§ TRY IT
Below are the entries. Print only the lines starting at the one with "Breakaway NHL Jersey" and ending at the one with "Ferdinand VII. - AR", exactly, with no pictures.

§ EXERCISE DATA
************
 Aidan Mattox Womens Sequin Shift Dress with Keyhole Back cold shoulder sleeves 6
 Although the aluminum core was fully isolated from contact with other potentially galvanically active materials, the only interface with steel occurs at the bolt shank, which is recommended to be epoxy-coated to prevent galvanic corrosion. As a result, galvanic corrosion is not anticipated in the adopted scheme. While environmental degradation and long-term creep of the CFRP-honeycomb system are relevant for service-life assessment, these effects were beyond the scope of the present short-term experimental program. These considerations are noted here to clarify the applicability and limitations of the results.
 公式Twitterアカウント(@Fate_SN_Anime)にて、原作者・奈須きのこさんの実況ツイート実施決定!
************
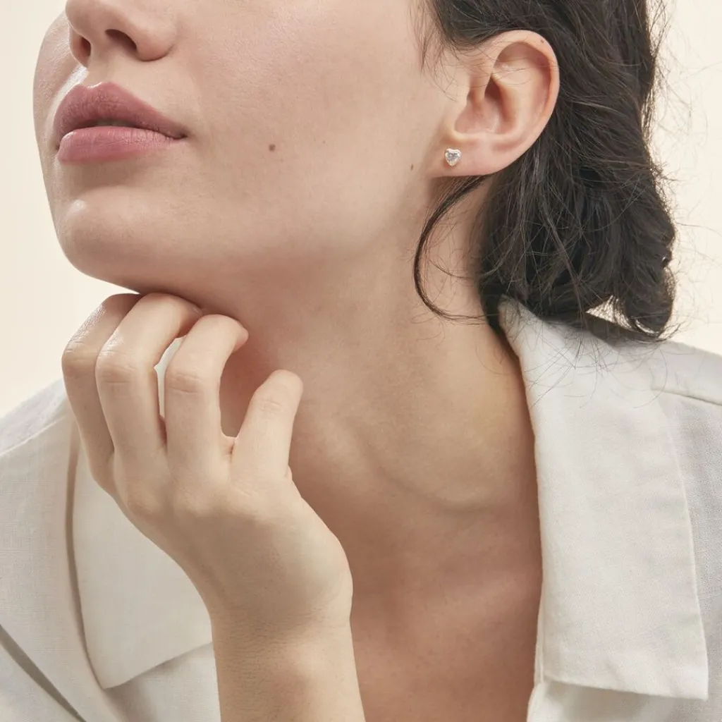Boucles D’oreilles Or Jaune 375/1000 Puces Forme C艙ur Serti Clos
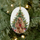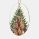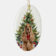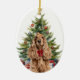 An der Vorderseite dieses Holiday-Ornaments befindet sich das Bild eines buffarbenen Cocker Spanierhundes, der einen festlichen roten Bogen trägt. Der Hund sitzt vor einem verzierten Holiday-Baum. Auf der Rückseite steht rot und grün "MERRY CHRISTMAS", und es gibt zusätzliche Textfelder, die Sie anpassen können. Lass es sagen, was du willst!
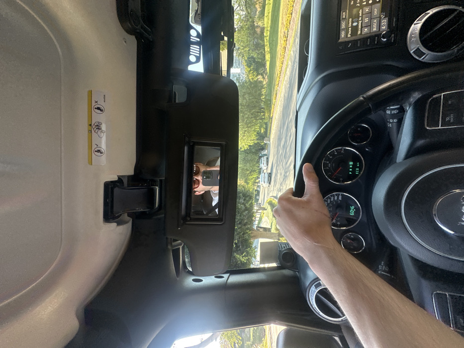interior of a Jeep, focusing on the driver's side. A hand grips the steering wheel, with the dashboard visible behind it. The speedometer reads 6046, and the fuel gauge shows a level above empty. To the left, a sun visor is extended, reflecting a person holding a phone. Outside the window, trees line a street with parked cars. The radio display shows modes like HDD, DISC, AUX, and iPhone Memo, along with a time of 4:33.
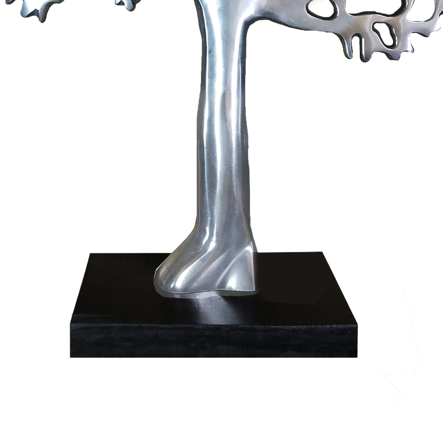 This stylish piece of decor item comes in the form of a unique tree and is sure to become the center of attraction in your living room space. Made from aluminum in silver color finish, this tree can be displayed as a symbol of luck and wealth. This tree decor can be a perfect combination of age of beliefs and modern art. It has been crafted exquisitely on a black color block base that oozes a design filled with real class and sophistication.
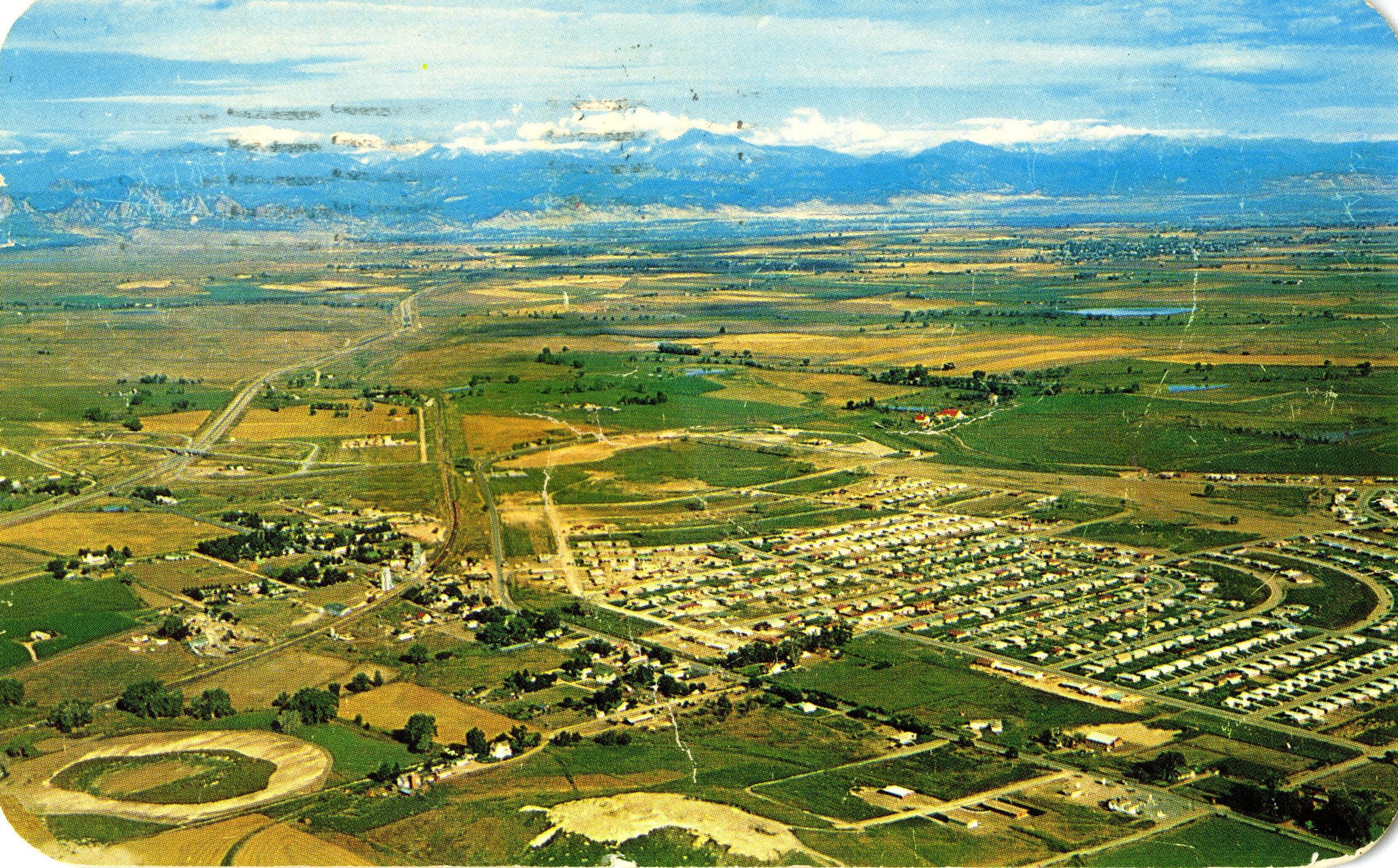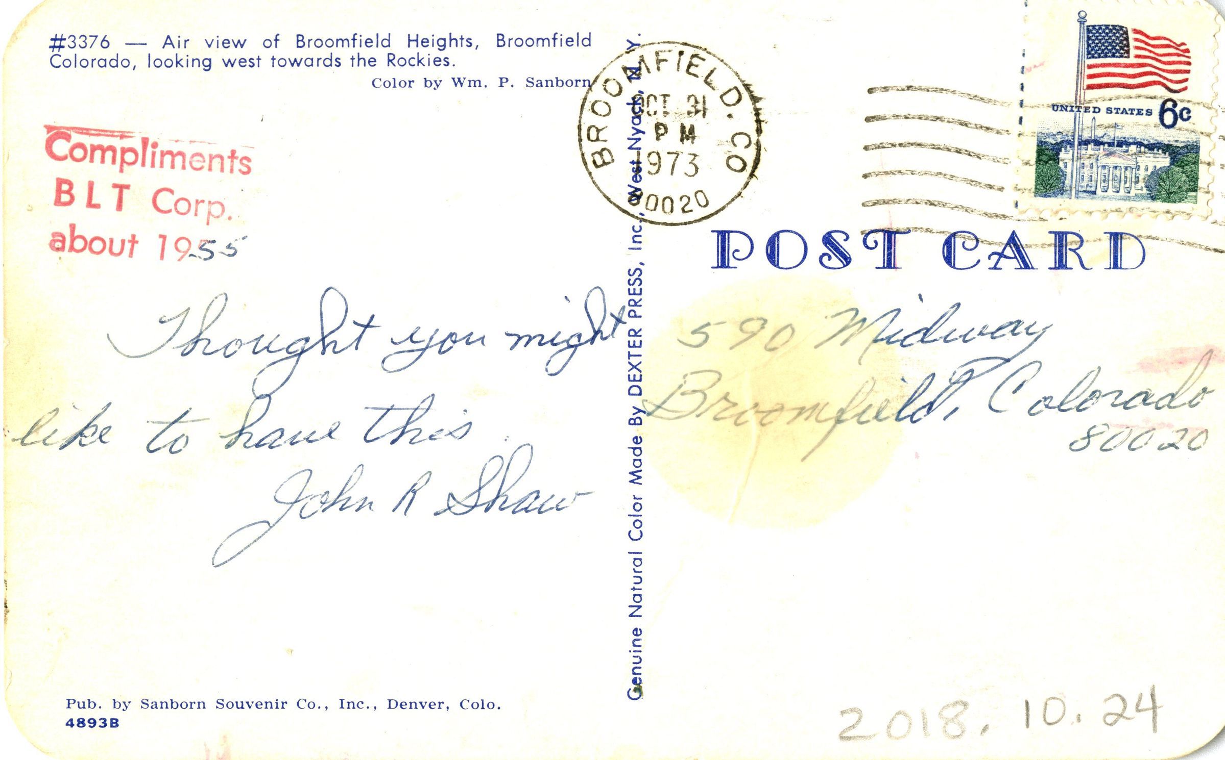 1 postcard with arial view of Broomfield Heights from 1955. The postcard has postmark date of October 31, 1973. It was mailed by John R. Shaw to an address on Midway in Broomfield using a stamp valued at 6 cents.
************
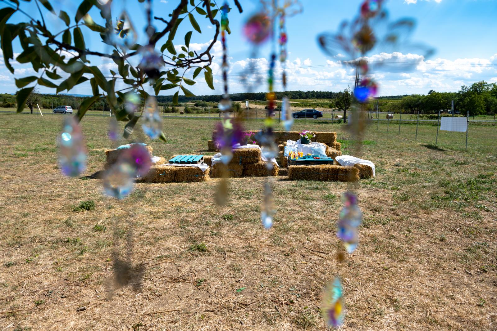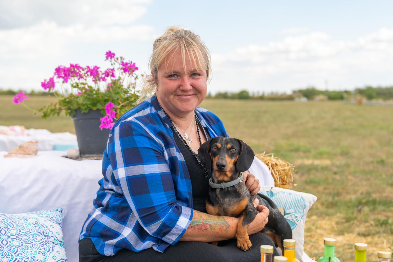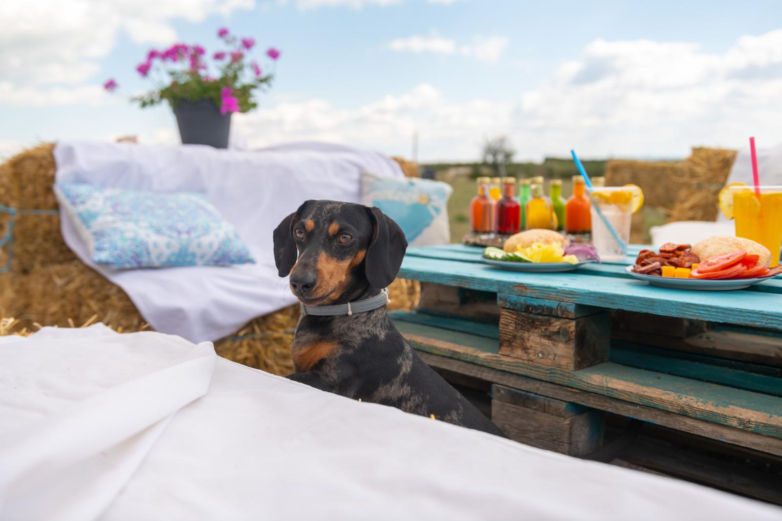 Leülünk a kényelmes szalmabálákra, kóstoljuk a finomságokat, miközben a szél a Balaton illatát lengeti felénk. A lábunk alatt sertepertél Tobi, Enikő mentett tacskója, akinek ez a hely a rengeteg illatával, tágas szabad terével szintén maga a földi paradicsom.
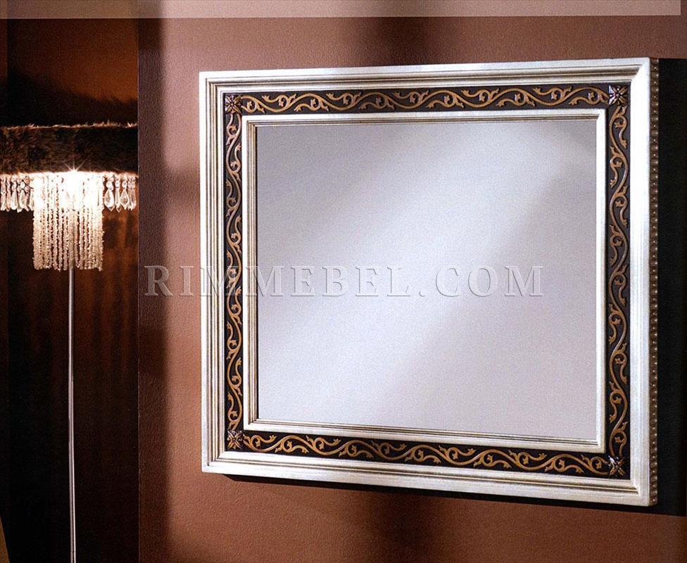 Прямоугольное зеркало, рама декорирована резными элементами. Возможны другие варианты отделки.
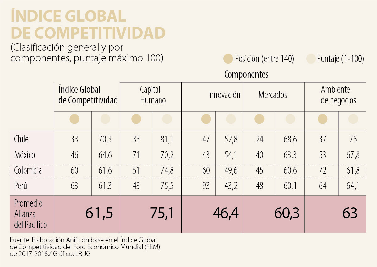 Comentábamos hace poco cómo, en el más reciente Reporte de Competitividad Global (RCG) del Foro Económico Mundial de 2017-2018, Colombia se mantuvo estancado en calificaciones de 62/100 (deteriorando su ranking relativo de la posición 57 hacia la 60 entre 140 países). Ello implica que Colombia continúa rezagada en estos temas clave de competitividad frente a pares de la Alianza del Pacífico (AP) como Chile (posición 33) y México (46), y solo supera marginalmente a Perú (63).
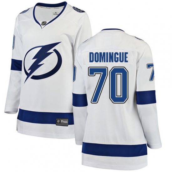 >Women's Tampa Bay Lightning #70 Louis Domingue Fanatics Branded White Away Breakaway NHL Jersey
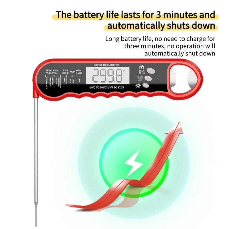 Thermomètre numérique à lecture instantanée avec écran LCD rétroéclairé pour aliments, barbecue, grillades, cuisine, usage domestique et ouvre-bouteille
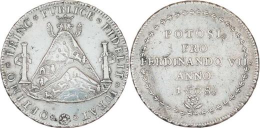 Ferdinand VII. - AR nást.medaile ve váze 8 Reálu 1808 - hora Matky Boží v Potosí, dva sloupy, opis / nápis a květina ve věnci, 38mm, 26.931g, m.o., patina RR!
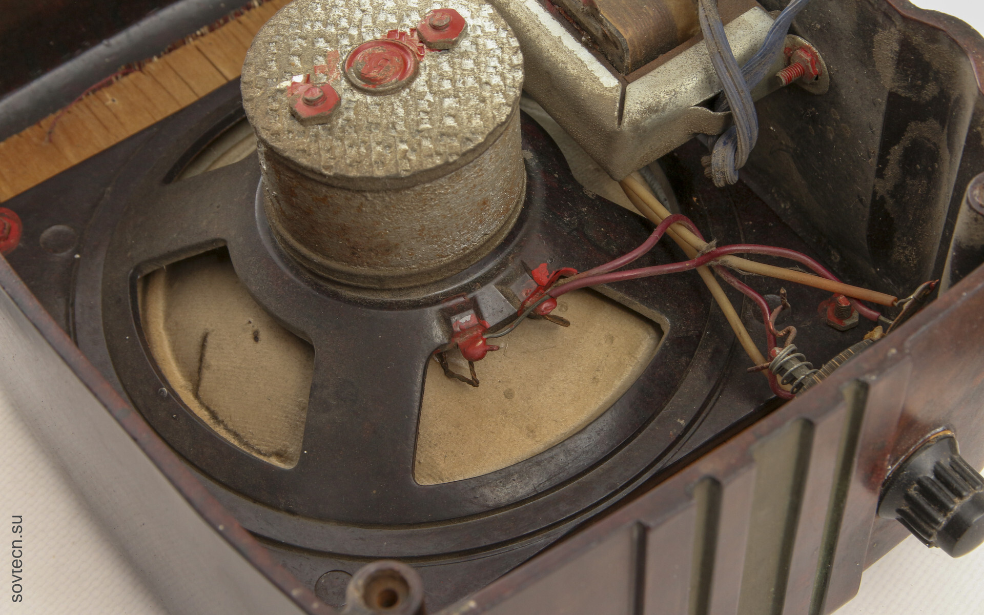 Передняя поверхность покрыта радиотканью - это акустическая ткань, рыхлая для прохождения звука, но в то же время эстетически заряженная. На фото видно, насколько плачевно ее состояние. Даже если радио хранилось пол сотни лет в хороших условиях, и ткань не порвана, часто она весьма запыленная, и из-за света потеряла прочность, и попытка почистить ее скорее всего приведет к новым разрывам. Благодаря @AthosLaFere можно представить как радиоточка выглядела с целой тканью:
************
§ WRITTEN SOLUTION
 >Women's Tampa Bay Lightning #70 Louis Domingue Fanatics Branded White Away Breakaway NHL Jersey
 Thermomètre numérique à lecture instantanée avec écran LCD rétroéclairé pour aliments, barbecue, grillades, cuisine, usage domestique et ouvre-bouteille
 Ferdinand VII. - AR nást.medaile ve váze 8 Reálu 1808 - hora Matky Boží v Potosí, dva sloupy, opis / nápis a květina ve věnci, 38mm, 26.931g, m.o., patina RR!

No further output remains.